Как это сделалось на 3-м месяце болезни Ивана Ильича, нельзя было сказать, потому что это делалось шаг за шагом, незаметно, но сделалось то, что и жена, и дочь, и сын его, и прислуга, и знакомые, и доктора, и, главное, он сам – знали, что весь интерес в нем для других состоит только в том, скоро ли, наконец, он опростает место, освободит живых от стеснения, производимого его присутствием, и сам освободится от своих страданий.
Он спал меньше и меньше; ему давали опиум и начали прыскать морфином. Но это не облегчало его. Тупая тоска, которую он испытывал в полуусыпленном состоянии, сначала только облегчала его как что-то новое, но потом она стала так же или еще более мучительна, чем откровенная боль.
Ему готовили особенные кушанья по предписанию врачей; но кушанья эти всё были для него безвкуснее и безвкуснее, отвратительнее и отвратительнее.
Для испражнений его тоже были сделаны особые приспособления, и всякий раз это было мученье. Мученье от нечистоты, неприличия и запаха, от сознания того, что в этом должен участвовать другой человек.
Но в этом самом неприятном деле и явилось утешение Ивану Ильичу. Приходил всегда выносить за ним буфетный мужик Герасим.
Герасим был чистый свежий, раздобревший на городских харчах молодой мужик. Всегда веселый, ясный. Сначала вид этого, всегда чисто, по-русски одетого человека, делавшего это противное дело, смущал Ивана Ильича.
Один раз он, встав с судна и не в силах поднять панталоны, повалился на мягкое кресло и с ужасом смотрел на свои обнаженные, с резко обозначенными мускулами, бессильные ляжки.

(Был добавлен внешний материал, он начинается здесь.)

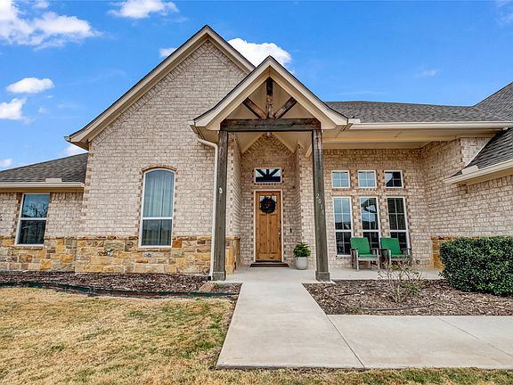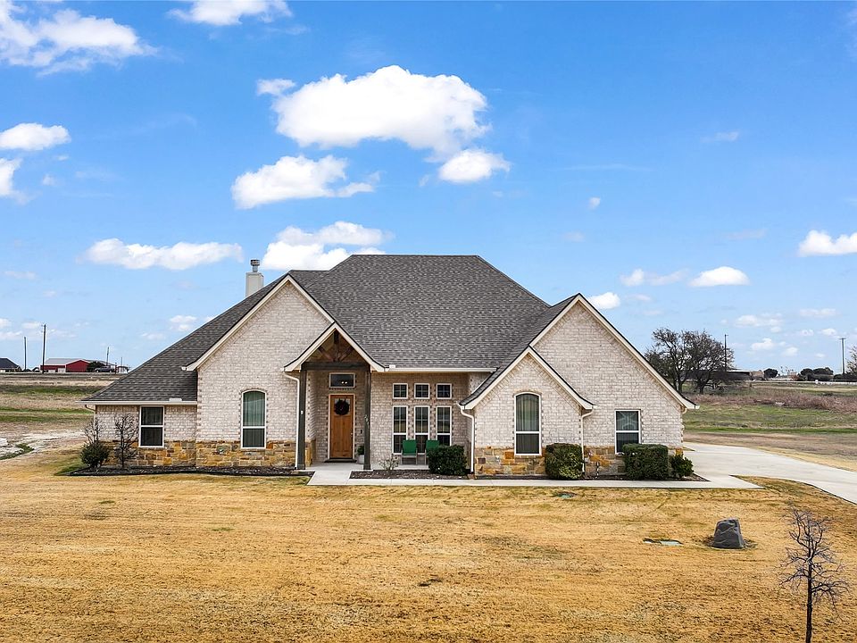 Some homes just feel right the moment you step inside—this is one of them. Designed for space, flexibility & effortless living, this impeccably maintained home rests on 2 beautiful acres in highly sought-after Peaster ISD. Offering 2,744 thoughtfully designed square feet, this gently lived-in home shows with the freshness & polish of new construction, delivering a truly move-in-ready experience. The spacious living room is anchored by a striking wood-burning fireplace with a floor-to-ceiling stone hearth & floating mantle. The open-concept kitchen overlooks the living area & features quartz countertops, a large island with bar seating, shaker-style cabinetry, a stunning natural rustic brick backsplash & a generous walk-in pantry. A large private office with French doors provides an ideal work-from-home setup. The oversized bonus room offers flexibility to function as a fifth bedroom with full closet, secondary office, gym or playroom. Three additional bedrooms are generously sized with walk-in closets & cozy, impeccably maintained carpet. The primary suite is a true retreat with tray ceiling, spa-inspired ensuite bath featuring separate vanities, soaking tub, luxury shower, private water closet & a walk-in closet that flows seamlessly into the laundry room. Elevated touches include tile flooring in main living areas, crown molding, stunning fixtures & Santa Fe–style wall texture, creating a refined luxury-meets-rustic contemporary aesthetic. Exterior features add peace of mind with full gutters, buried AT&T fiber, aerobic septic, private well with water softener & filtration system & a newer roof, making this home truly turn-key. With no HOA, the usable acreage adjacent to the home offers ample room to add a pool, shop, barn, guest suite or space for horses & chickens. Just 10 minutes from downtown Weatherford & 15 minutes from I-20, this property perfectly blends peaceful country living with modern convenience. A home that fits where you are—and where you’re headed

Вошел в толстых сапогах, распространяя вокруг себя приятный запах дегтя от сапог и свежести зимнего воздуха, легкой сильной поступью Герасим, в посконном чистом фартуке и чистой ситцевой рубахе, с засученными на голых, сильных, молодых руках рукавами, и, не глядя на Ивана Ильича, – очевидно сдерживая, чтоб не оскорбить больного, радость жизни, сияющую на его лице, – подошел к судну.

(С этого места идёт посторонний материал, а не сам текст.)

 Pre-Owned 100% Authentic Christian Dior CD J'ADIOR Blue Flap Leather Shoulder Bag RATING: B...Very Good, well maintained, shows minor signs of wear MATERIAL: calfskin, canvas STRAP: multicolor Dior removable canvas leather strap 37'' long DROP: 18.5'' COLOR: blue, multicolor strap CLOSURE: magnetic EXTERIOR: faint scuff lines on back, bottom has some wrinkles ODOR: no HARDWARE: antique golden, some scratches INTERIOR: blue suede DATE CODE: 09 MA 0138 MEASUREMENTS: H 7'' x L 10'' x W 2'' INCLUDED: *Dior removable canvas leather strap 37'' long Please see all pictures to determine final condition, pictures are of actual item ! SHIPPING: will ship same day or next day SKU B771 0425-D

– Герасим, – слабо сказал Иван Ильич.
Герасим вздрогнул, очевидно, испугавшись, не промахнулся ли он в чем, и быстрым движением повернул к больному свое свежее, доброе, простое, молодое лицо, только что начинавшее обрастать бородой.
– Что изволите?
– Тебе, я думаю, неприятно это. Ты извини меня. Я не могу.
– Помилуйте-с. – И Герасим блеснул глазами и оскалил свои молодые белые зубы. – Отчего ж не потрудиться? Ваше дело больное.
И он ловкими сильными руками сделал свое привычное дело и вышел, легко ступая. И через пять минут, так же легко ступая, вернулся.
Иван Ильич всё так же сидел на кресле.
– Герасим, – сказал он, когда тот поставил чистое обмытое судно, – пожалуйста, помоги мне, поди сюда. – Герасим подошел. – Подними меня. Мне тяжело одному, а Дмитрия я услал.
Герасим подошел; сильными руками, так же, как он легко ступал, обнял, ловко, мягко поднял и подержал, другой рукой подтянул панталоны и хотел посадить. Но Иван Ильич попросил его свести его на диван. Герасим, без усилия и как будто не нажимая, свел его, почти неся, к дивану и посадил.
– Спасибо. Как ты ловко, хорошо… всё делаешь.
Герасим опять улыбнулся и хотел уйти. Но Ивану Ильичу так хорошо было с ним, что не хотелось отпускать.
– Вот что: подвинь мне, пожалуйста, стул этот. Нет, вот этот, под ноги. Мне легче, когда у меня ноги выше.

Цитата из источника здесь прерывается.